[[ Dataset extract, beginning ]]

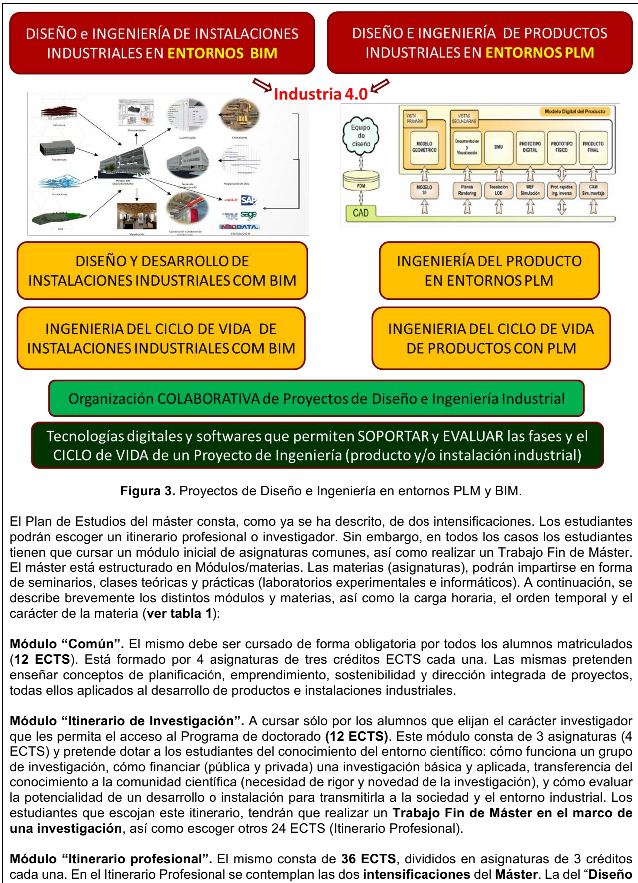
Figura 3. Proyectos de Diseño e Ingeniería en entornos PLM y BIM.

El Plan de Estudios del máster consta, como ya se ha descrito, de dos intensificaciones. Los estudiantes podrán escoger un itinerario profesional o investigador. Sin embargo, en todos los casos los estudiantes tienen que cursar un módulo inicial de asignaturas comunes, así como realizar un Trabajo Fin de Máster. El máster está estructurado en Módulos/materias. Las materias (asignaturas), podrán impartirse en forma de seminarios, clases teóricas y prácticas (laboratorios experimentales e informáticos). A continuación, se describe brevemente los distintos módulos y materias, así como la carga horaria, el orden temporal y el carácter de la materia (ver tabla 1):
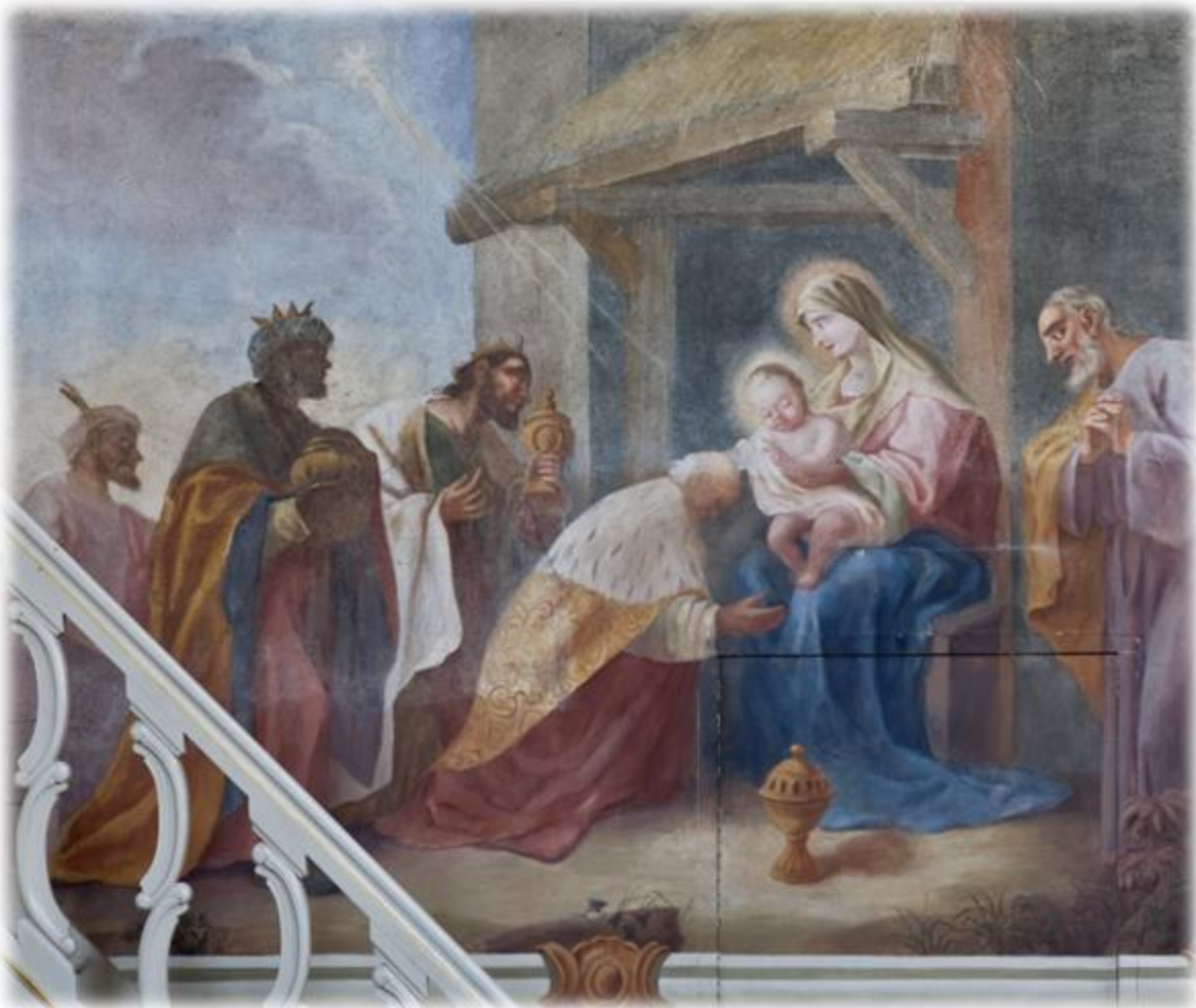
Boven: het driekoningen fresco met aanbieding van de geschenken in de St. Gerlachuskerk in Houthem. Beeldbank RCE doc.nr. 539.223. Fotograaf Paul van Galen

Na afloop van de H. Mis was het aan het klaroenkorps van de schutterij St. Martinus om zich de longen uit het lijf te blazen, terwijl pater Van Meijgaarden het Gerlachusbrood zegende en aan de kerkgangers uitdeelde.
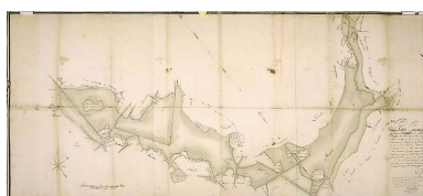
Plan de délimitation des marais de Ponthoile et de Noyelles au 19e siècle. IVR22_20078000039XAB
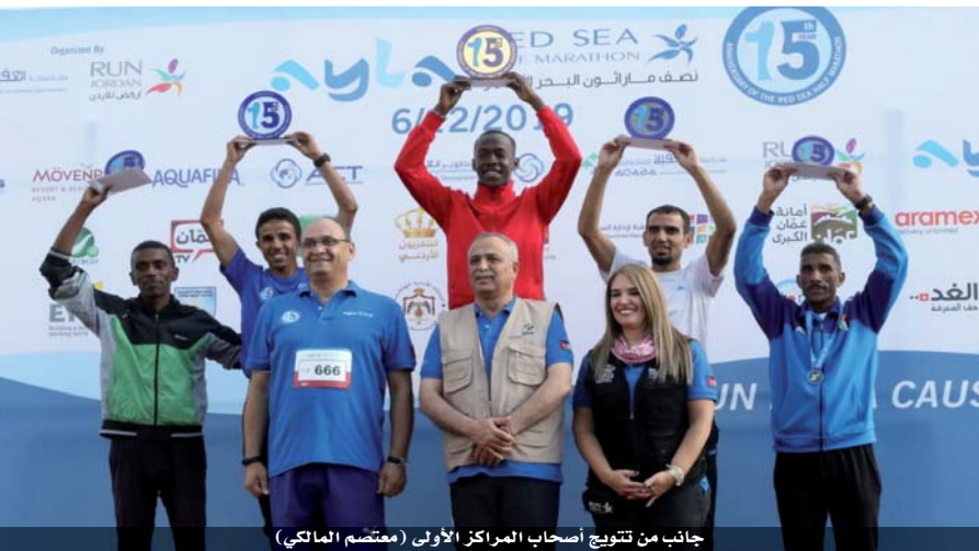
جانب من تتويج أصحاب المراكز الأولى (متمم المالك)

ثانية، والرغم السابق كان في نصف ماراتون عمان ساعة و٨ دقائق، لتسجل هذا الرقم كإنجاز جديد على صعيد رياضة (أم الألعاب الأردنية).
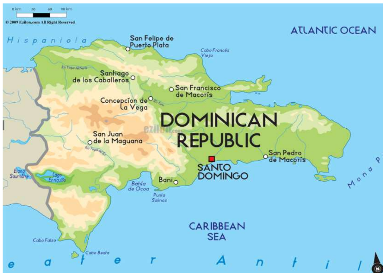
Figure 1 : Carte simplifiée de la République dominicaine
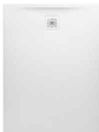
Sprchová vanička 100×80 cm
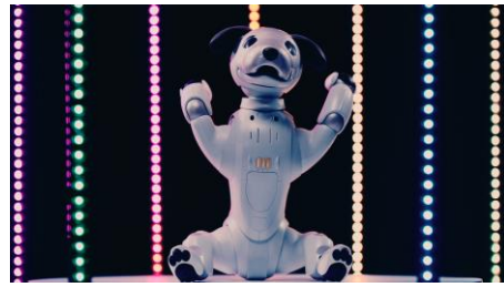
aibo ならではのダンスモーションも披露
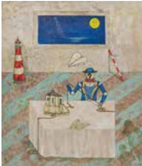
佳作 「ぼくの友だちは マジシャン」 秋山謙二 (東京都)
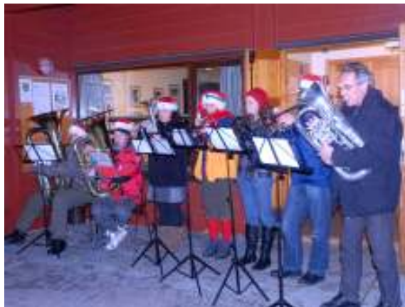
Skui Brassbands Nisseorkester

Årets tradisjonelle arrangement, første søndag i advent, ble gjennomført med en større gran og mer lys. Nå plassert i permanent fot på kulen. Skuibakken i flomlys viste seg frem med nye pærer i ovarennet. Skui Brassband skal igjen ha takk for profesjonell fremføring av kjente og kjære julemelodier. Kombinert med varm gløgg og pepperkaker og juletale, fikk små og store i en tallrik forsamling Skuibakke-entusiaster virkelig en forsmak på adventstiden. Riktignok uten sne, men appellen virket og den kom dagen etter og ligger enda!
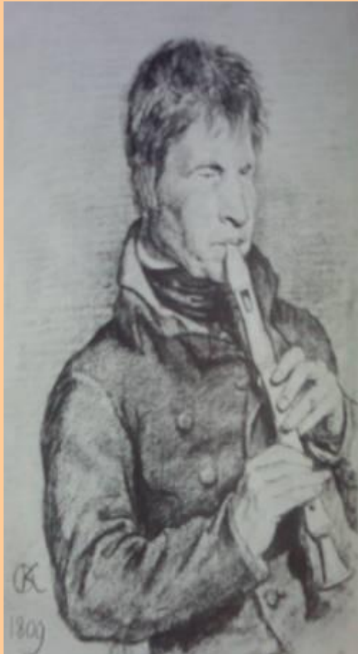
О.Кипренский. Портрет музыканта.
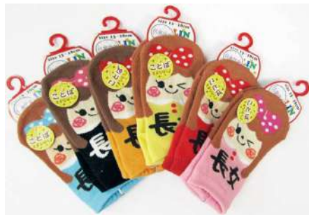
No.N-143 入荷済み 長女 すべり止め付き 完売 C,A,Pe,N,Pu JAN : 4993645220246
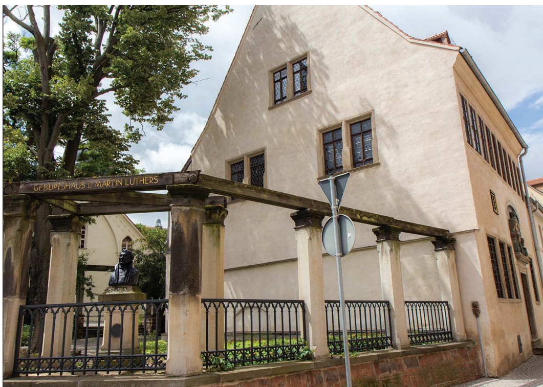
Luther szobra és újjáépített szülőháza a németországi Eislebenben (ma Lutherstadt)

A történészek elmondják, mennyi mindent hozott a reformáció: mit teremtett a kultúrában, a nemzeti nyelvek fejlődésében, a tudományok fellendülésében, a jogban, az államok formálódásában, a gazdaságban és így tovább. Protestánsként büszkék vagyunk erre, de azt is tudjuk, ennél sokkal többről van szó. | 3.
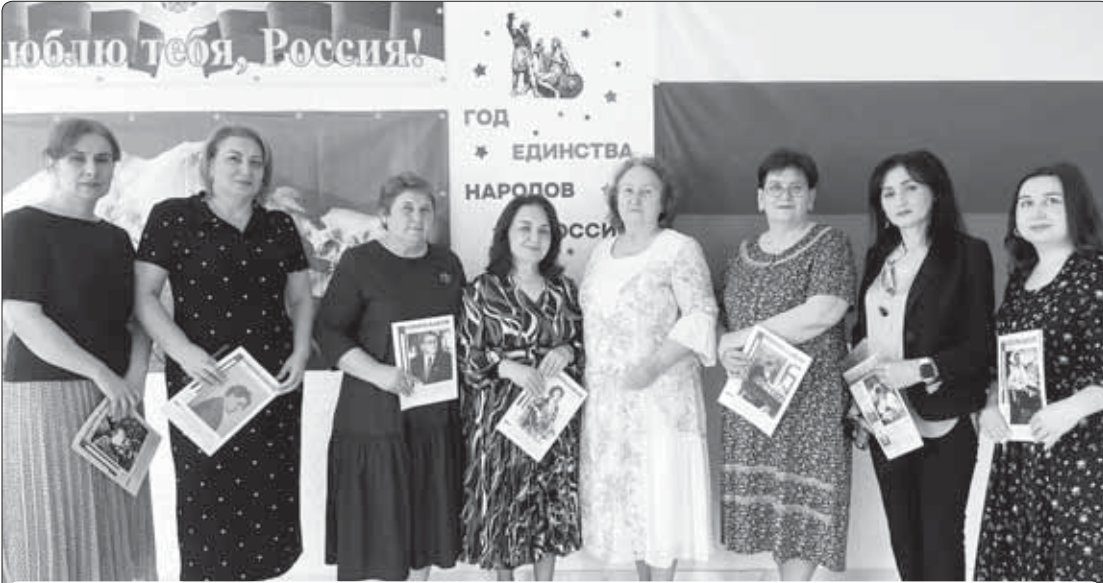
Шыд Хьэзрит и цэр зэрхьэу Нарткьалэ дэт курыт школ №2-м (унафэщыир Шыбыхьэуэ Иннэщ) урысыбзэмр литературэмкIэ и егъэджакуэуэр щIэблэм я унэтIакуэуэ нэщ. Ахэр зи кьалэным кьызыхуэтыншэу пэлъэщ, IэнатIэм ехуэлIэныгъэ лъагэхэр шызыIэрызыгъэхьэ лэжьакуэуэ пашэхэщ.

Урысей Федерацим и мызакъуэу, хамэ щыналъэ куэдми нобэ цагъэлапIэ Урысыбзэм и дунейпсо махуэр. «Лъэпкъныгъэшхуэ зыбгъэдэлъ бзэ къулей икIи купцIафIэ», - апхуэдэ псалъэхэр урысыбзэм хужилаш тхакIуэ, бзэ щIэныгъэлI цIэрылуэу, этнографу шыта Даль Владимир. Абы и псалъэхэм я шыхьэтц урысыбзэмкIэ нобэкIэ псалъуэ, а бзэр хумту ягъэшэрыуэ ягурылуэ дунейм тет цIыхуэхэм ящыщ мелуан 260-м щIигъу зэрыщыIэр. Урысыбзэр кьэралыбзэу кьыщалъэ Урысей Федерацим, Кьэрал Шхьэхумтхэм я Зэгухьэныгъэм (СНГ) хьыгъэ зхуэ зыбжанэм, Абхъэзым, Осетие Ипщэм. А бзэмкIэ шызэрощIэ, щызопсалъэ СССР-м хьыгъуэ шыта кьэралхэм шыпсэхуэр, Чехием, Болгарием, Латин Америкэм, Новая Зеландием, Африкэм, нэгъуэщI цIыпIэхэми шыщ куэд.
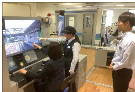
【現役乗務員が付き添いでレクチャー】
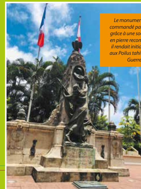
Le monument aux morts a été commandé par la ville de Pape'ete grâce à une souscription. D'abord en pierre reconstituée et en plâtre, il rendait initialement hommage aux Poilus tahitiens de la Première Guerre mondiale.

« Pas tout à fait. Je me suis rapproché de la ville de Pape'ete qui possède des documents sur le monument aux morts et des panneaux d'exposition. Ils seront visibles pendant la durée du chantier. Les passants pourront ainsi en apprendre un peu plus sur son histoire. D'ailleurs, si certains ont des archives personnelles, et notamment à propos des deux déménagements du monument, je suis preneur. » ♦
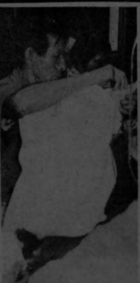
Ayer no hubo problemas en el comercio para conseguir artículos básicos. (L. Castillo)

Esta dramática escena de ruina y destrucción corresponde a lo que quedó de la Embajada de España en Guatemala, donde en un acto incalificable y repudiado por todas las naciones del mundo, el ejército provocó un incendio y signó una matanza de campesinos.
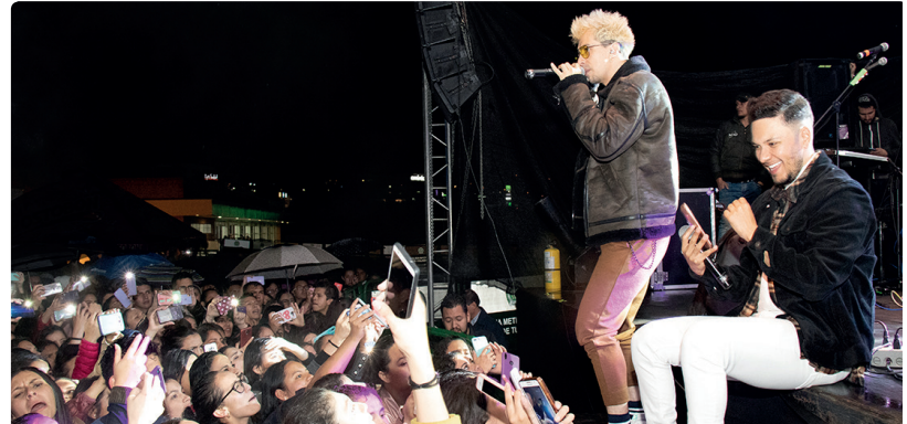
Concierto con Pasabordo en el aniversario de la Universidad de Boyacá

La comunidad universitaria disfrutó del concierto en honor a los estudiantes con la agrupación colombiana Pasabordo, quienes interpretaron sus éxitos que los dieron a conocer en la industria musical, así como sus temas más recientes, que fueron coreados por todos los asistentes de esta institución. El evento, que rindió un sentido homenaje a los estudiantes de esta Universidad, se llevó a cabo en el campus deportivo de la sede Tunja el pasado 18 de octubre. Un reconocimiento especial a la Rectoría y a la Vicerrectoría de Desarrollo Institucional de la Universidad de Boyacá, quienes organizaron este importante evento.
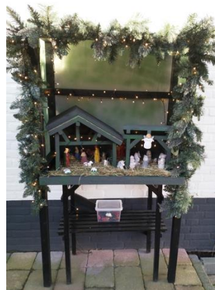
Kribke nr. 56
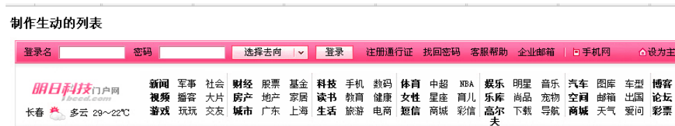
图 9 导航列表

1. 设计导航列表实验，要求使用结构伪类选择器来制作导航列表样式，具体效果如图 9 所示。
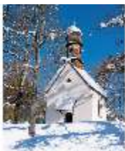
Lin.V, St.-Anna-Kapelle im Winter, DE002925, BSV-
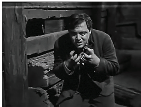
Figura 21 - Fotograma de M – o vampiro de Düsseldorf ( M – Eine Stadt sucht einen Mörder , 1931) dirigido por Fritz Lang.

a moderna palavra demônio deriva da noção grega clássica do daimon , que oferece a base para o seu modelo mitológico do daemônico 22 : "O daemônico é qualquer função natural que tenha o poder de dominar toda a pessoa. Por exemplo, sexo e erotismo, raiva e fúria ou o desejo de poder. O daemônico tanto pode ser criativo como destrutivo, e geralmente é ambos. Quando essa força se descontrola e um elemento usurpa o controle sobre a personalidade como um todo, temos a 'possessão pelo daimon ', o nome tradicional para a psicose ao longo da História (apud DIAMOND, 1994, p. 205).
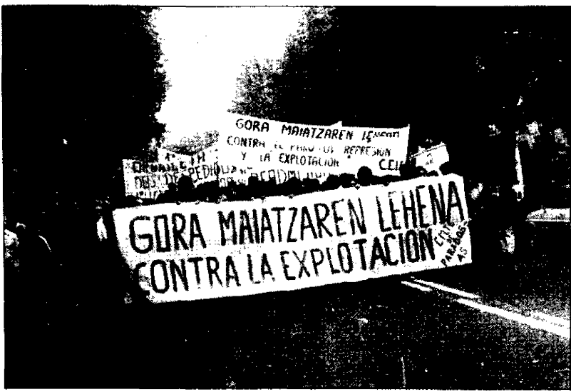
Al poco rato vendría la carga policial.
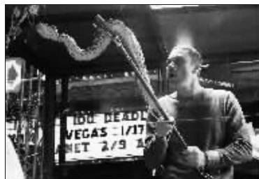
唐纳德计划与100条毒蛇共处10天

[[ Dataset extract, end ]]

> Exercise:
Give again the stretch of the entries above that begins at the line with "La comunidad universitaria" and ends at the line with "Figura 21 - Fotograma", word for word, with no pictures.

> Solution to the problem:
La comunidad universitaria disfrutó del concierto en honor a los estudiantes con la agrupación colombiana Pasabordo, quienes interpretaron sus éxitos que los dieron a conocer en la industria musical, así como sus temas más recientes, que fueron coreados por todos los asistentes de esta institución. El evento, que rindió un sentido homenaje a los estudiantes de esta Universidad, se llevó a cabo en el campus deportivo de la sede Tunja el pasado 18 de octubre. Un reconocimiento especial a la Rectoría y a la Vicerrectoría de Desarrollo Institucional de la Universidad de Boyacá, quienes organizaron este importante evento.
Kribke nr. 56
图 9 导航列表

1. 设计导航列表实验，要求使用结构伪类选择器来制作导航列表样式，具体效果如图 9 所示。
Lin.V, St.-Anna-Kapelle im Winter, DE002925, BSV-
Figura 21 - Fotograma de M – o vampiro de Düsseldorf ( M – Eine Stadt sucht einen Mörder , 1931) dirigido por Fritz Lang.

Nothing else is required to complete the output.